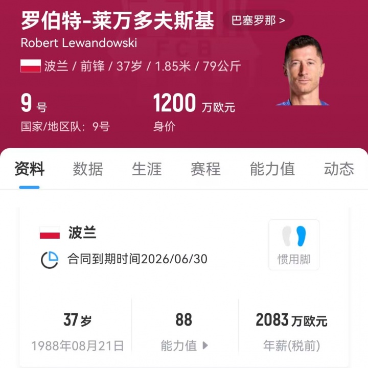 09月30日讯 现在37岁的莱万多夫斯基现在与巴萨的协议还是干预临了一年,将于2026年6月30日到期。
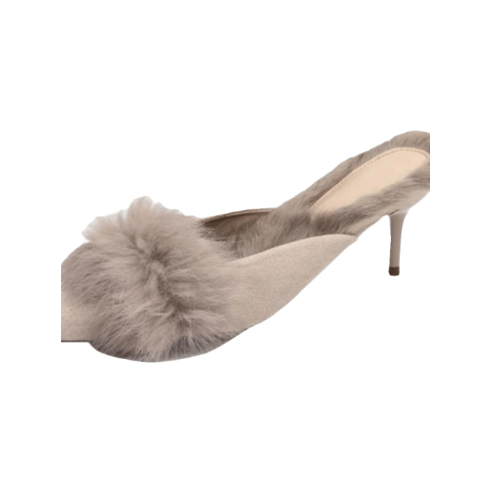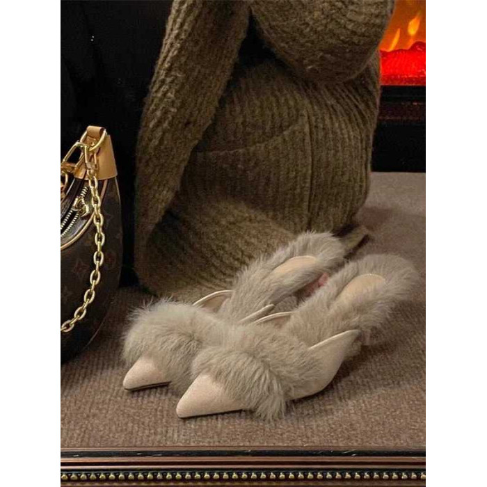 穆勒鞋春秋細跟毛毛拖鞋女外穿包頭高跟鞋加絨保暖法式小跟鞋新款
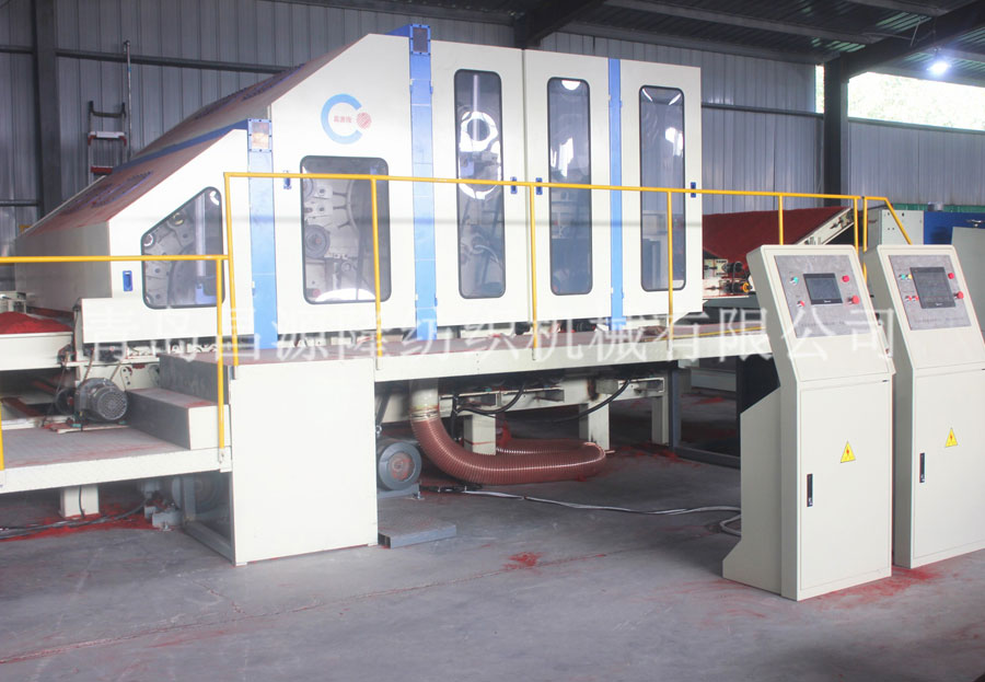 一、高速地毯生產線工藝流程:開包-開鬆機-振動給棉機-梳理機-鋪網機-針刺機(jī)-切邊成卷機
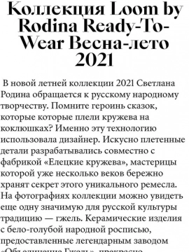 Современное прочтение вышивки,кружева и Поссийского промысла "Елецкие кружева" в новой летней коллекции SS 2021 бренда Loom by Rodina
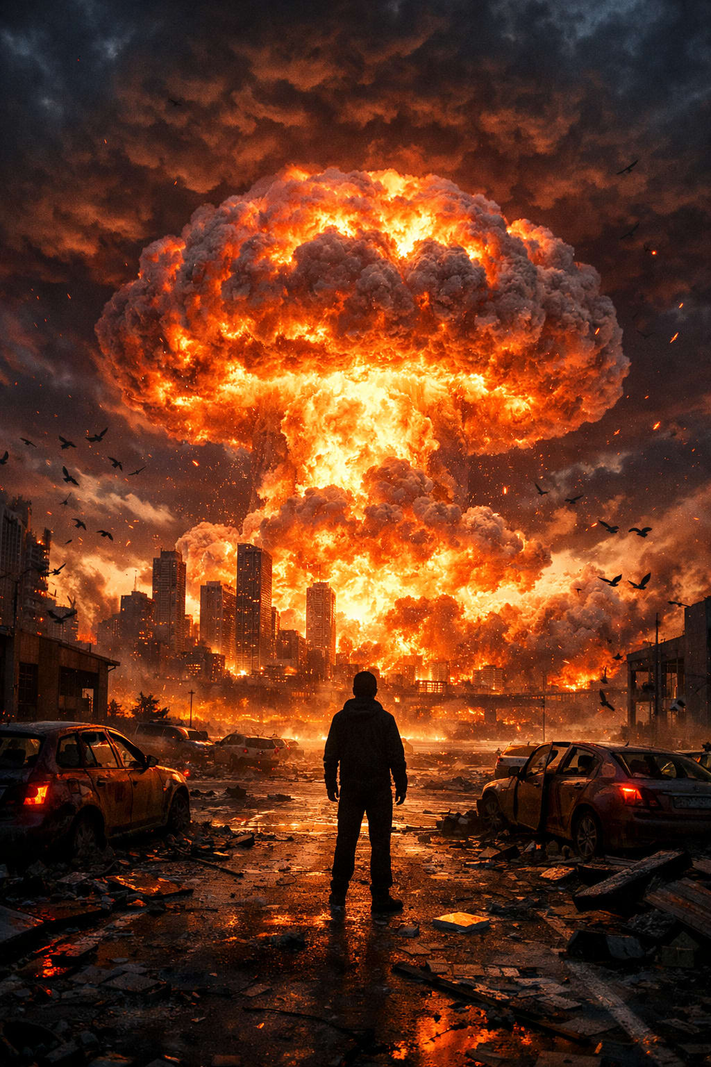 Following the flash comes the shockwave, a powerful wall of compressed air that moves faster than the speed of sound. This blast wave flattens buildings, shatters windows, and throws cars and debris through the air like toys. In a modern nuclear explosion, this destructive force can extend many kilometers from the center. In a large modern nuclear weapon—such as those measured in hundreds of kilotons—the severe destruction zone may reach 3–5 kilometers, while serious damage can extend 10–15 kilometers or more.
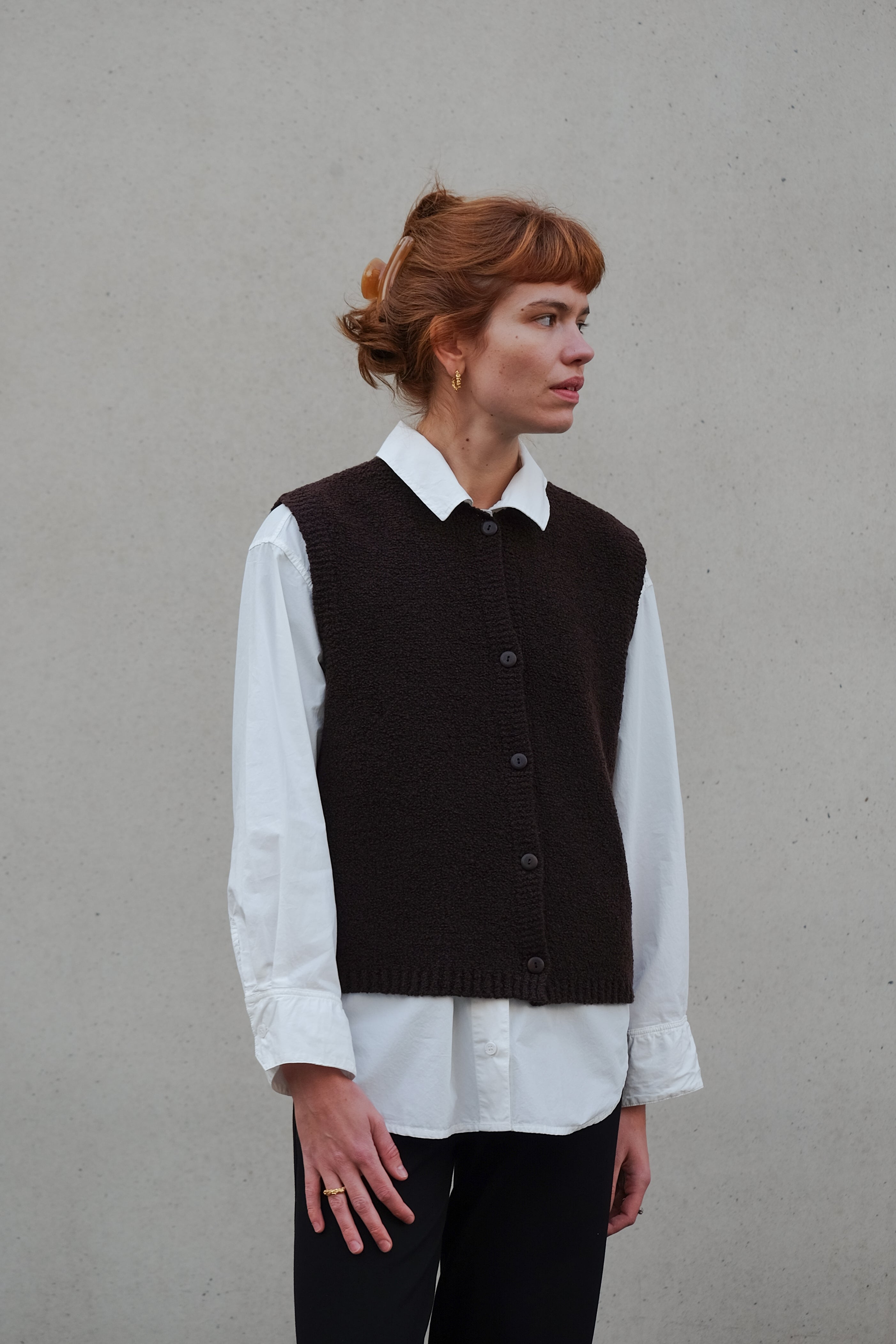 We source only the finest bouclé yarn, crafted in Italy from a luxurious blend of merino wool and cashmere. Known for their exceptional softness and warmth, merino and cashmere come together to create a fabric that’s both beautiful and durable. Merino wool provides natural breathability and resilience, while cashmere adds extra softness and lightweight warmth.
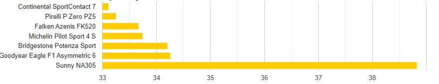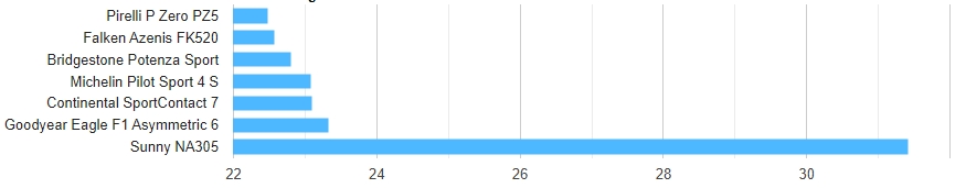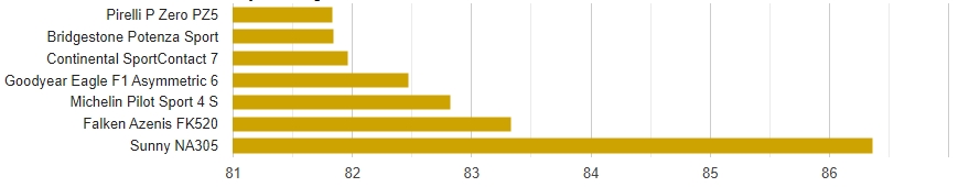 Усі шини, крім Sunny, показали відмінні результати у гальмуванні на мокрому покритті — з будь-якою з них ви залишитесь задоволені. Pirelli вийшла на перше місце, але різниця між шістьма лідерами склала лише 3,8%, що свідчить про надзвичайно щільну конкуренцію.
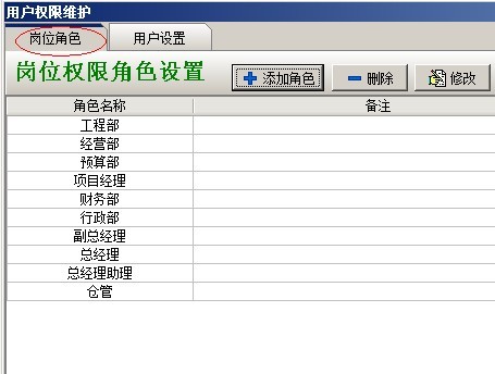 打開用戶權(quán)限設(shè)置后,首先設(shè)置【權(quán)限角色】,下圖所示:
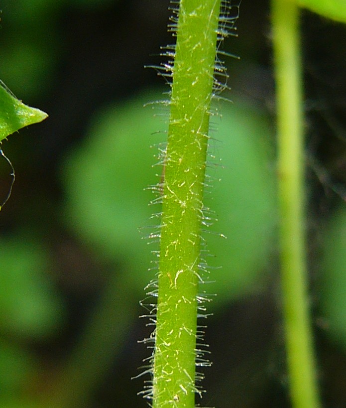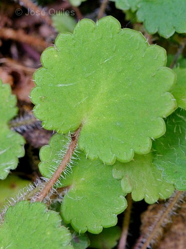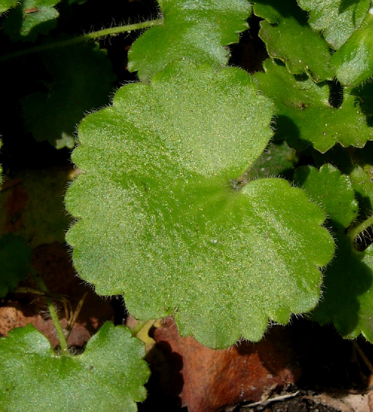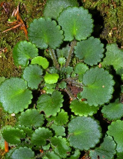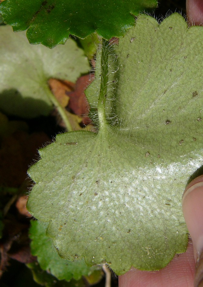 Kronblätter 5 - 9 mm langweiß, mit roten und am Grund mit gelben Punkten Stängel drüsenhaarig Stängelblätter rundlich nierenförmig, gekerbt gezähnt Grundblätter rundlich, 30 - 85 mm im Durchmesser, lang gestielt Grundblätter oft breiter als lang, am Grund herzförmig, gezähnt, weich, nicht ledrig Blattunterseite heller, glänzend, behaart
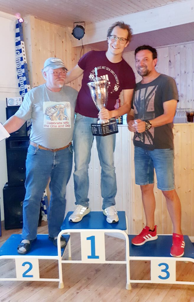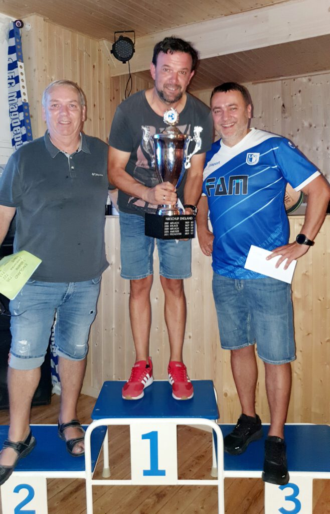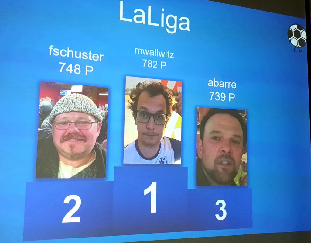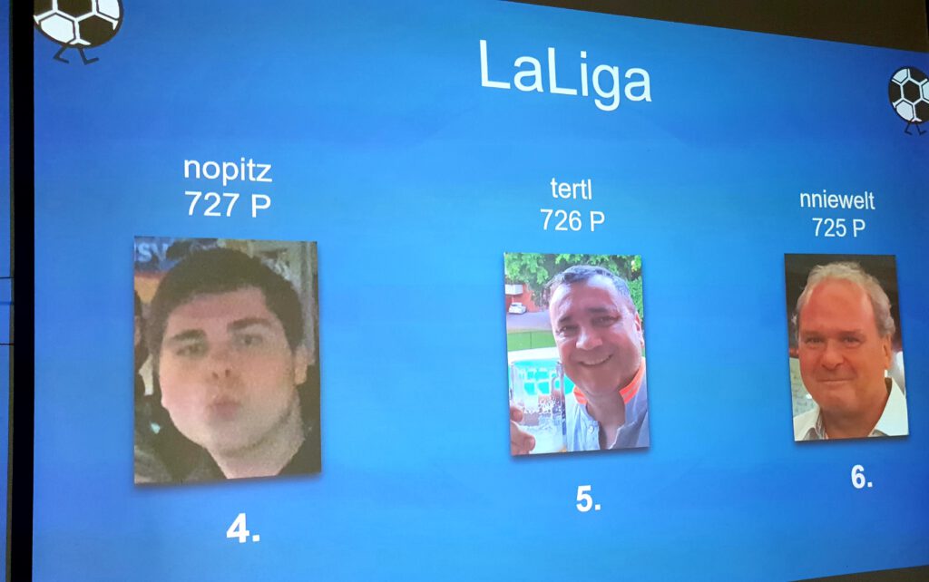 Auch auf die Gefahr hin das es jetzt für den ein, oder anderen langweilig wird, weil er immer wieder die gleichen Namen und Gesichter hört und sieht, es geht weiter mit der SPANISCHEN LIGA. Nein, es ist dieses Mal nicht GGALL der den Pokal in den Händen halten darf, sondern der Sportfreund MWALLWITZ. Mit saustarken 782 Punkten erkämpfte er sich diesen prestigeträchtigen Pokal und kann zu recht stolz auf seine Leistung sein. Dies musste auch neidlos der Geheimfavorit FSCHUSTER anerkennen, der mit seinen 748 Punkten auf den zweiten Platz landete. Und natürlich darf an diesem Abend auch bei dieser Siegerehrung unser ABARRE auf dem Siegerpodest nicht fehlen, der mit 739 Punkten den 3. Platz belegte. Glückwunsch euch Dreien. Die weiteren Plätze 4 – 6 belegten der Newcomer der Saison NOPITZ (727 Punkte), dicht gefolgt vom FC BAYERN unter den NIKSCHUPERN dem Sportfreund TERTL (726 Punkte) und dem absoluten Epikureer NNIEWELT (725 Punkte).
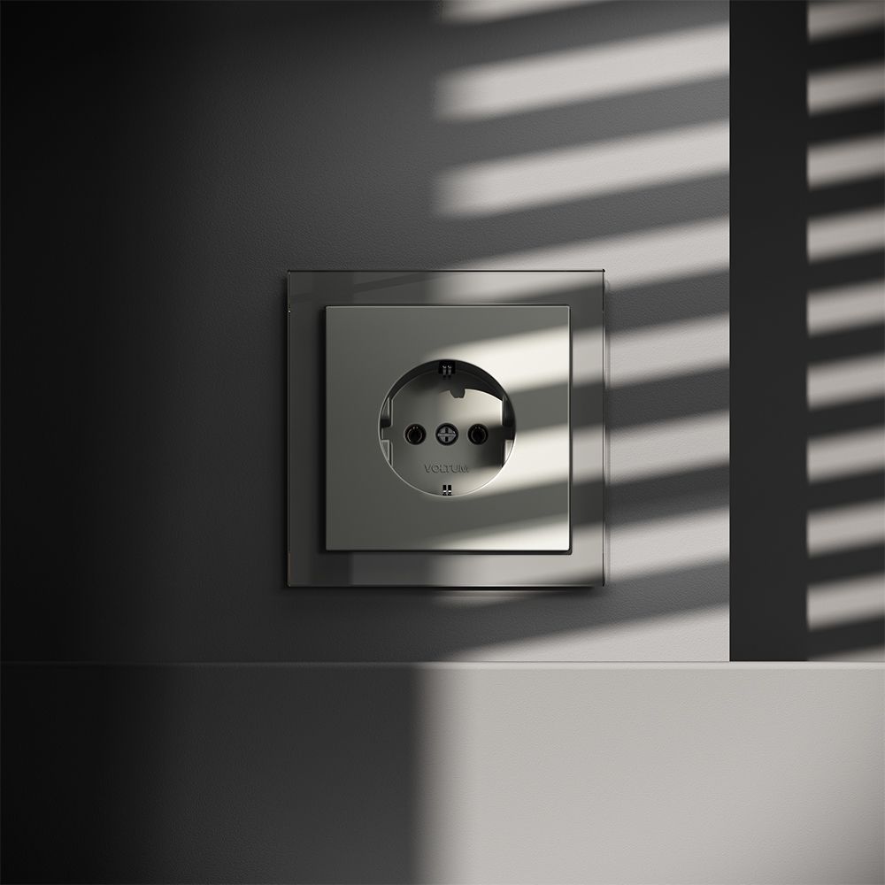 Розетка встраиваемая VOLTUM S70 с заземлением 16А, (сталь)
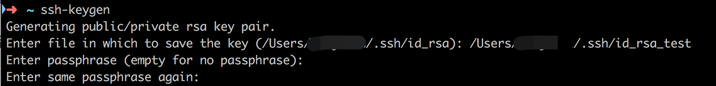 如果是第一次生成公钥,则直接一路回车确认就行。公钥和私钥会自动生成到/Users/[用户名]/.ssh路径下。默认公钥文件名为id_rsa.pub,私钥文件名为id_rsa。
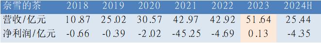 尽管营收持续增长,但2018年至今,奈雪仅2023年微盈1300万,其他时间都在亏损。到2024年上半年,奈雪累计亏损已经达到57亿。
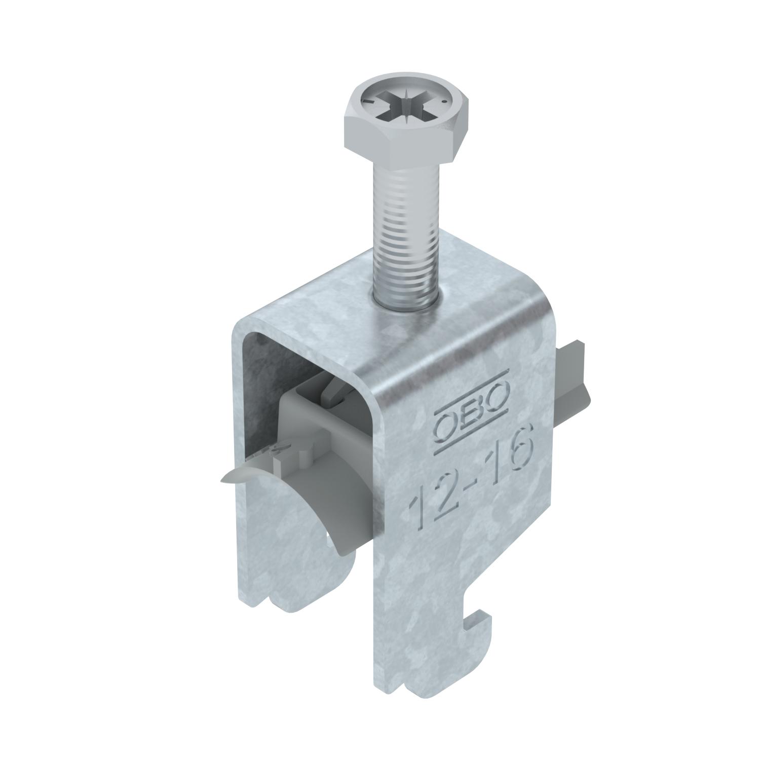 Description du produitClamp clip with N-foot, plastic pressure sleeve made of polypropylene. For vertical and horizontal mounting of 1 single cable on a C-profile rail. For slot width 11‒12 mm With 1-start screw thread on pressure sleeve, universal hexagonal screw head WAF10, with slot and cross recess. Suitable for assembly indoors and outdoors. We recommend the use of a counter-sleeve.

_How to complete this task_: In the records above, everything from the line with "打開用戶權(quán)限設(shè)置后" down to the line with "Auch auf die" must be duplicated exactly, both lines kept. Leave no pictures in.

_Written response_:
 打開用戶權(quán)限設(shè)置后,首先設(shè)置【權(quán)限角色】,下圖所示:
 Kronblätter 5 - 9 mm langweiß, mit roten und am Grund mit gelben Punkten Stängel drüsenhaarig Stängelblätter rundlich nierenförmig, gekerbt gezähnt Grundblätter rundlich, 30 - 85 mm im Durchmesser, lang gestielt Grundblätter oft breiter als lang, am Grund herzförmig, gezähnt, weich, nicht ledrig Blattunterseite heller, glänzend, behaart
 Auch auf die Gefahr hin das es jetzt für den ein, oder anderen langweilig wird, weil er immer wieder die gleichen Namen und Gesichter hört und sieht, es geht weiter mit der SPANISCHEN LIGA. Nein, es ist dieses Mal nicht GGALL der den Pokal in den Händen halten darf, sondern der Sportfreund MWALLWITZ. Mit saustarken 782 Punkten erkämpfte er sich diesen prestigeträchtigen Pokal und kann zu recht stolz auf seine Leistung sein. Dies musste auch neidlos der Geheimfavorit FSCHUSTER anerkennen, der mit seinen 748 Punkten auf den zweiten Platz landete. Und natürlich darf an diesem Abend auch bei dieser Siegerehrung unser ABARRE auf dem Siegerpodest nicht fehlen, der mit 739 Punkten den 3. Platz belegte. Glückwunsch euch Dreien. Die weiteren Plätze 4 – 6 belegten der Newcomer der Saison NOPITZ (727 Punkte), dicht gefolgt vom FC BAYERN unter den NIKSCHUPERN dem Sportfreund TERTL (726 Punkte) und dem absoluten Epikureer NNIEWELT (725 Punkte).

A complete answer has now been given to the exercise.